I am free from the burden of demanding special treatment normally reserved for very important people (VIP), some of whom possess no weight of significance to add to any cause that is worthy to live or die for.
Being ordinary though does not mean one needs not be grounded or be without manifest flashes of specialty in them.
Everyone is special from the moment they are born. Some are born with a name. Others inherit the name.
And yet others, with no name to inherit, grow to defy all odds to create a good name for themselves. It is the story of life in which children grow to accept or aspire for higher stations than the names their parents bequeathed upon them.
Having died too early for me to know what it means to have a father, the burden of his name, Ntsomi Ngwenya, fell on my mother's shoulders to elevate.
Though she had nothing by which to be distinguished as a VIP, my mother waged a determined struggle simply to be somebody.
Rooted in that struggle is the source of the contentment of my soul that makes me to be comfortable under my own skin without loss of a sense of being somebody.
To cope with her meagre income, my mother always excluded a suit from a set of things when buying me clothes, arguing that having one will rob me of the freedom to play as a child too soon. She hated takkies and read "thuggish image" in them.
The freedom to play as a child saw me grow into adulthood never to be in a suit, tie and cuff links. While the takkies she hated are today part of my wardrobe, her comfort is that I have never been behind prison bars as a tsotsi.
Once, when she was fetched from work by police in order for me to surrender for arrest, the reason had nothing to do with being a tsotsi.
Some of my mother's teachings have shaped the heart of a rebel that I am to even dare to differ with her, when justified, without the guilt feeling of being anti-mothers, women or girls.
Here is another thought worth writing home about. Never build your name from your possessions. Let everything you own through the sweat of your honest labour enjoy the navigating stamp of your good name.

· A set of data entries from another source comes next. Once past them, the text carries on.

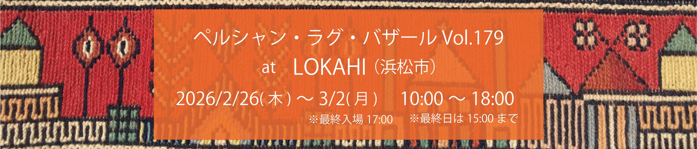 2月26日(木)~3月2日(月)の5日間、浜松市の古民家「LOKAHI」にてペルシャン・ラグ・バザール Vol.179を行います。地域に愛される癒しの古民家にてのんびりとラグをご覧ください!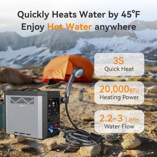 With 20,000 BTUs, this heater raises water temperature by 45°F (25°C) in no time! Perfect for those chilly mornings or after a day of hiking.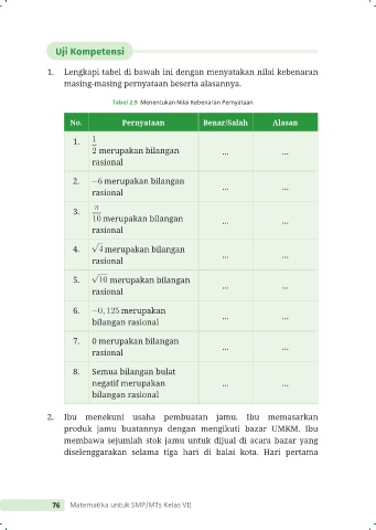 Tabel 2.9 Menentukan Nilai Kebenaran Pernyataan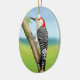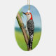 Original fine art painting of a Red Bellied Woodpecker by artist Carolyn McFann of Two Purring Cats Studio printed on a quality holiday ornament for wild bird fans.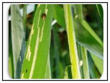 Личинки повреждают яровые и озимые зерновые культуры. Повреждения личинками флагового и подфлагового листьев приведут к существенным потерям урожая.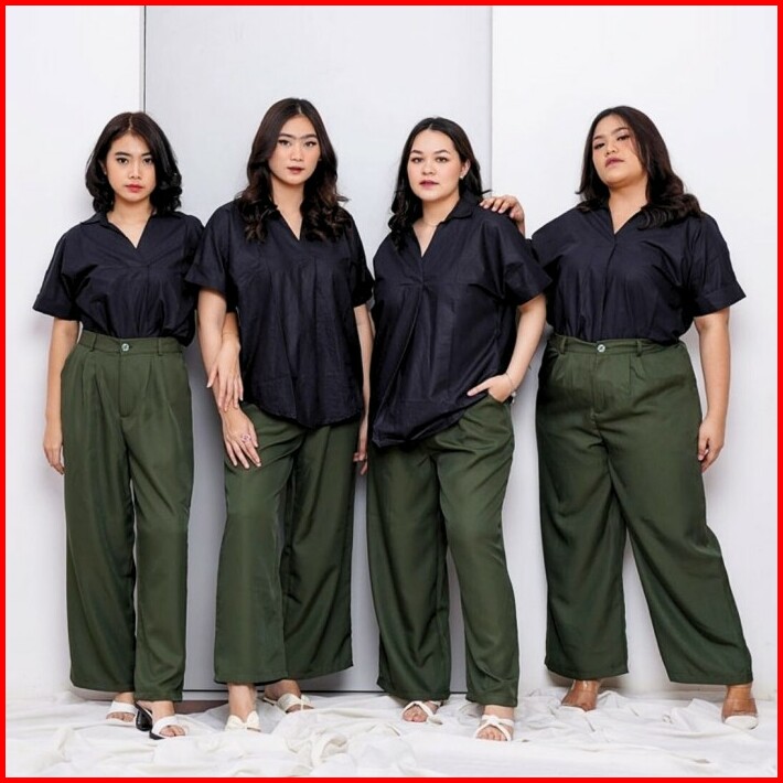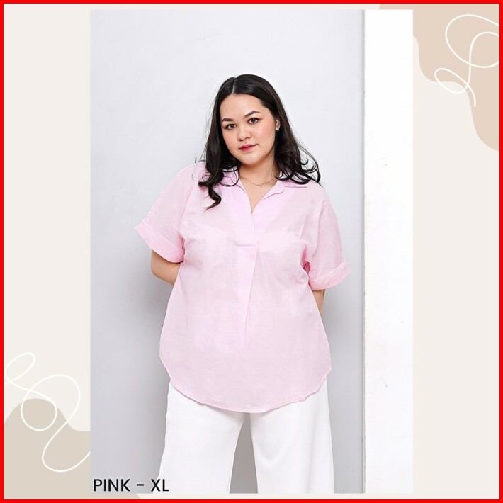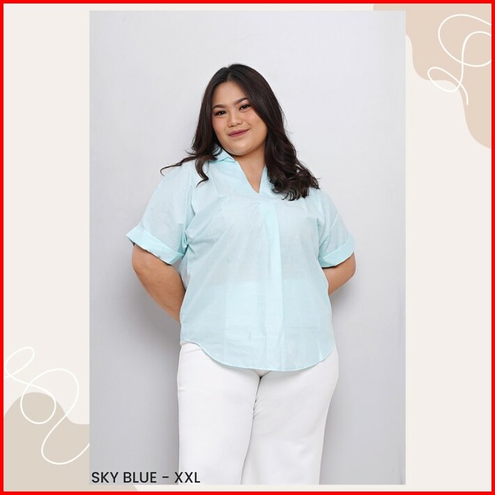 Kemeja Wanita Oversize Big Size Katun Polos Lengan Pendek Xl Xxl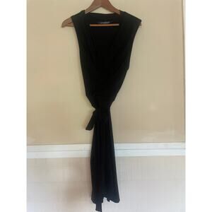 NORMA KAMALI Waist Tie Ruched Midi Dress STRETCHY Size XXL LBD Black COCKTAIL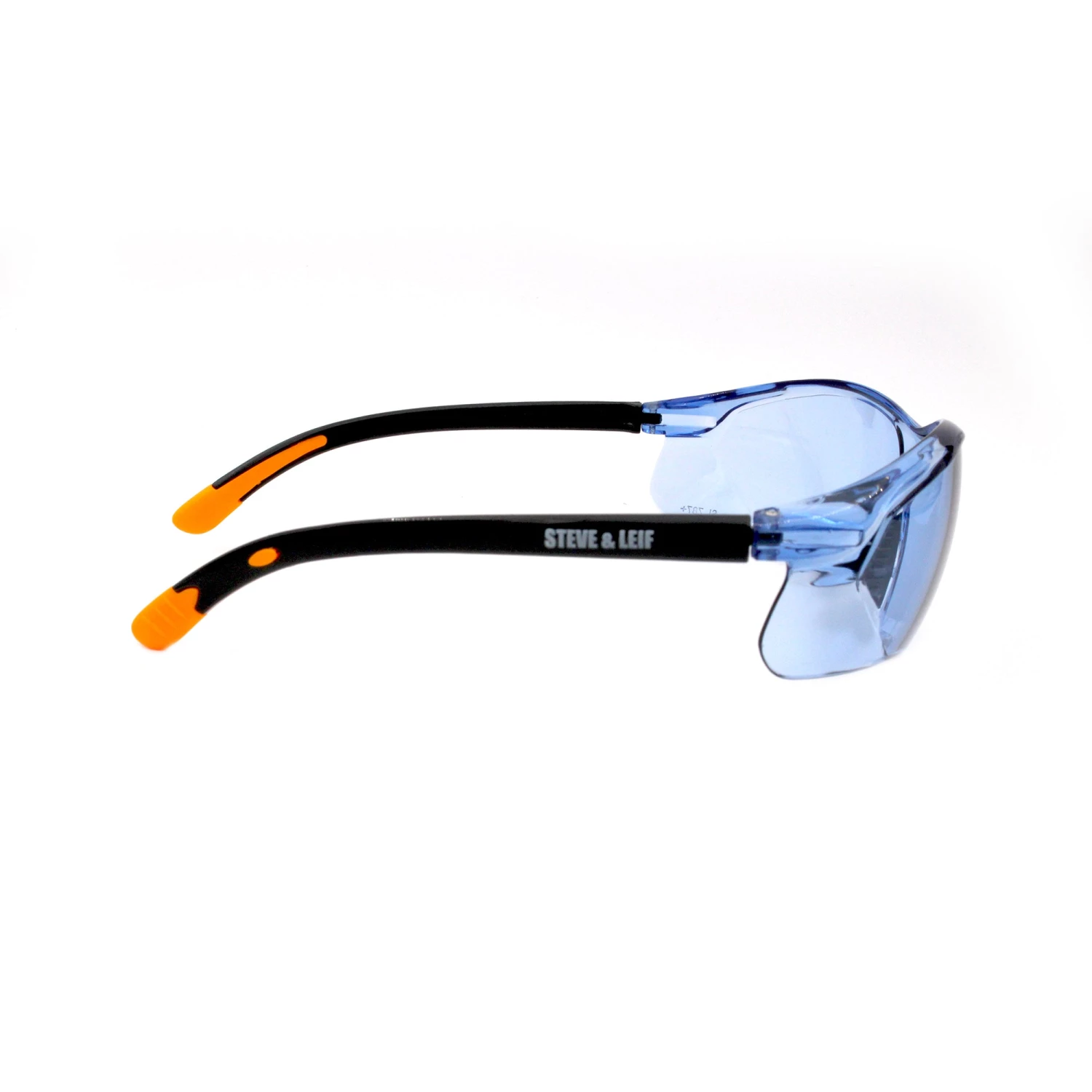 Steve & Leif Modern Design Safety Glasses made of Polycarbonate lenses are highly resistant to impact and anti-scratch. Frameless design provides a wider field of vision, anti-slip nose pads, side temple pads for a secure fit and all-day comfort. Your excellent choice for a pair of safety glasses to protect your eyes from exposure to the hazardous working environment. Available in Blue, Black, Brown, and Clear.
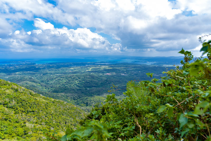 登山中の嘉津宇岳から見た沖縄の街並みの写真素材です。緑豊かな山々の向こうに青い海と海岸線が広がり、白い雲が空に浮かんでいます。名護地域の地形と自然の美しさを感じられ、観光情報やトラベル関連、地域紹介コンテンツなどに活用できます。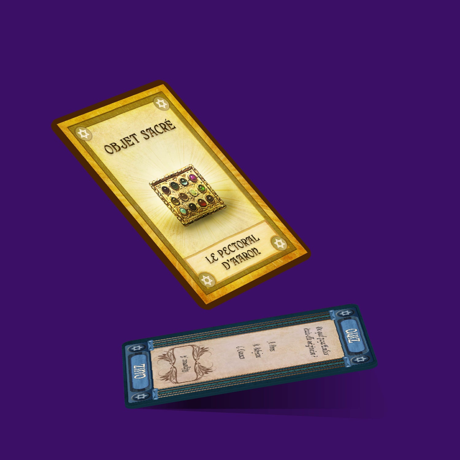 +300 cartes Quiz et Énigme basées sur la Torah. Des cartes Objet Sacré pour compléter votre collection 4 pions en forme de grenade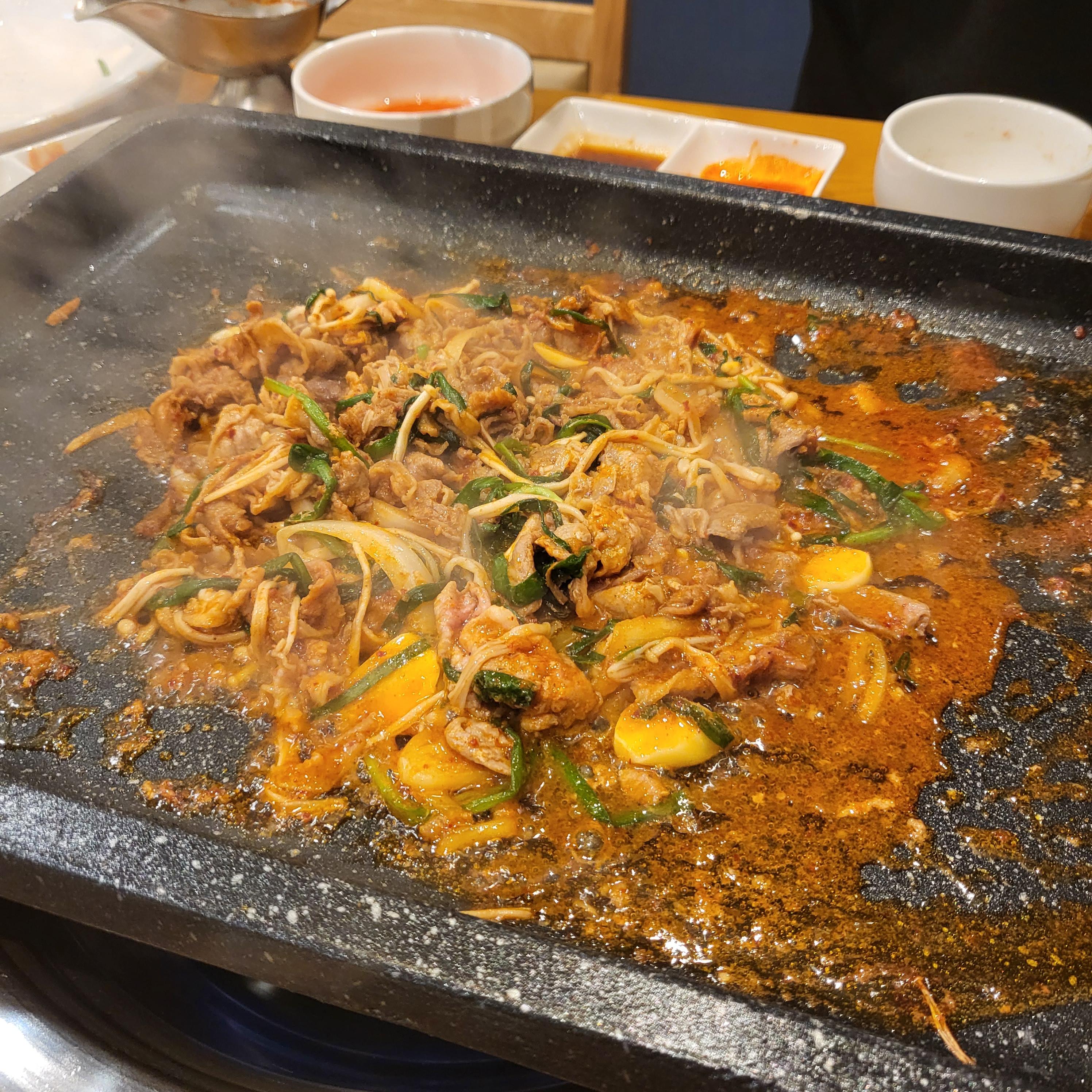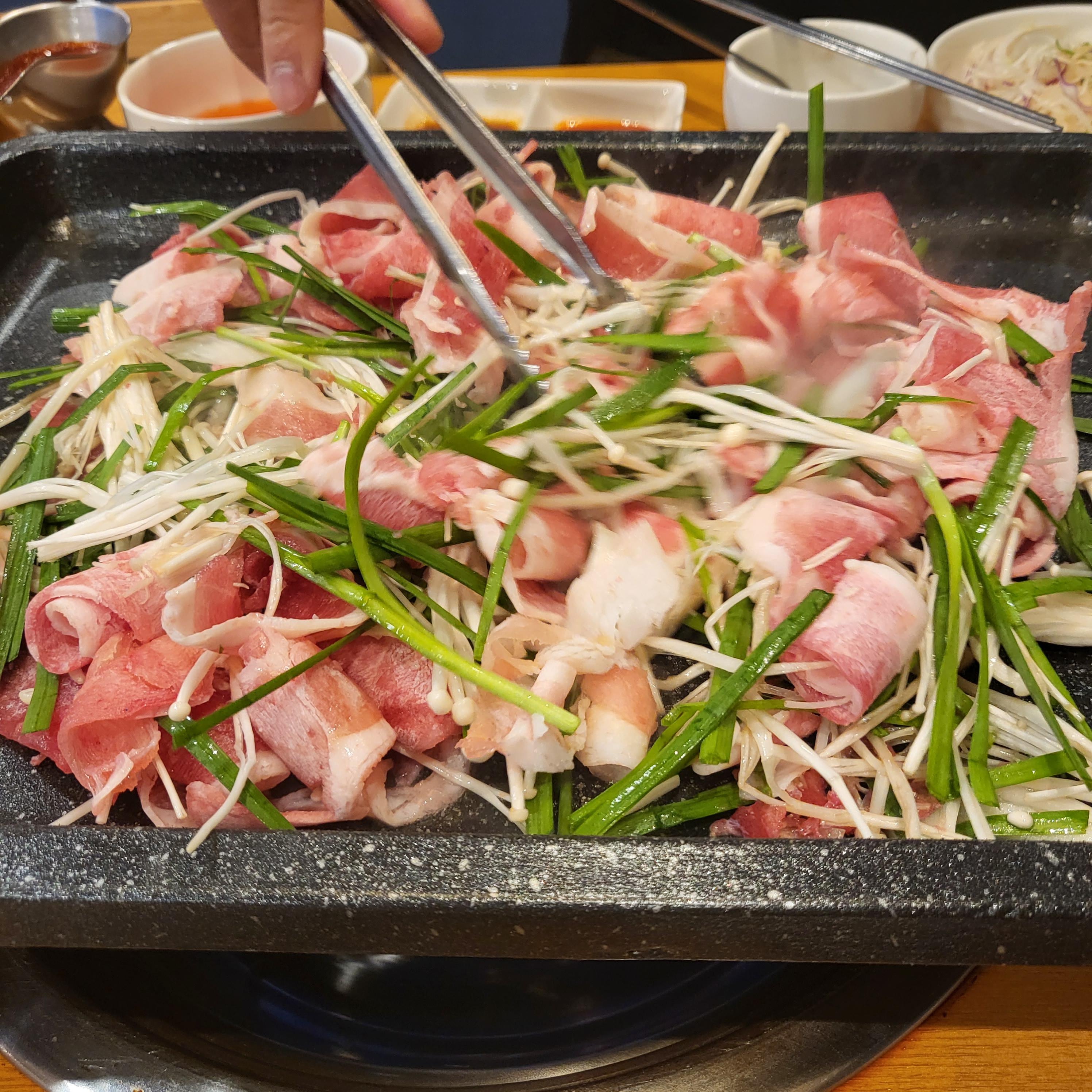 불판에 올려 맛있게 볶아요 고사리 나물도 올려서 함께 구워 먹으면 별미에요

What makes former president Nelson Mandela powerful was his refusal to stay in power longer than he could. Those who cannot see their names outside political office never dream of leaving.
To reinstate sanity back to the corridors of power, the boys and girls that make a living from politics would do well to remember the lessons their good mothers taught them.
In the sway, the purpose of holding political office would be crystal clear. It is to serve and not to reduce citizens into hopelessservitude.
Ethical leadership not only makes ordinary people worldwide to imagine themselves being the source of the political will that sets the pace of their countries' development. People also see themselves as the VIPs that matter in the affairs of their states.
Presidents that negate this free spirit of nations ultimately get exposed to be the tsotsis who shamelessly live off the loot of victims.
And no normal mother would brook the nonsense of a tsotsi being at the helm of any country.
Is it not true that the rule of the oppressors is prescribed by the endurance of the oppressed? Look at Cairo.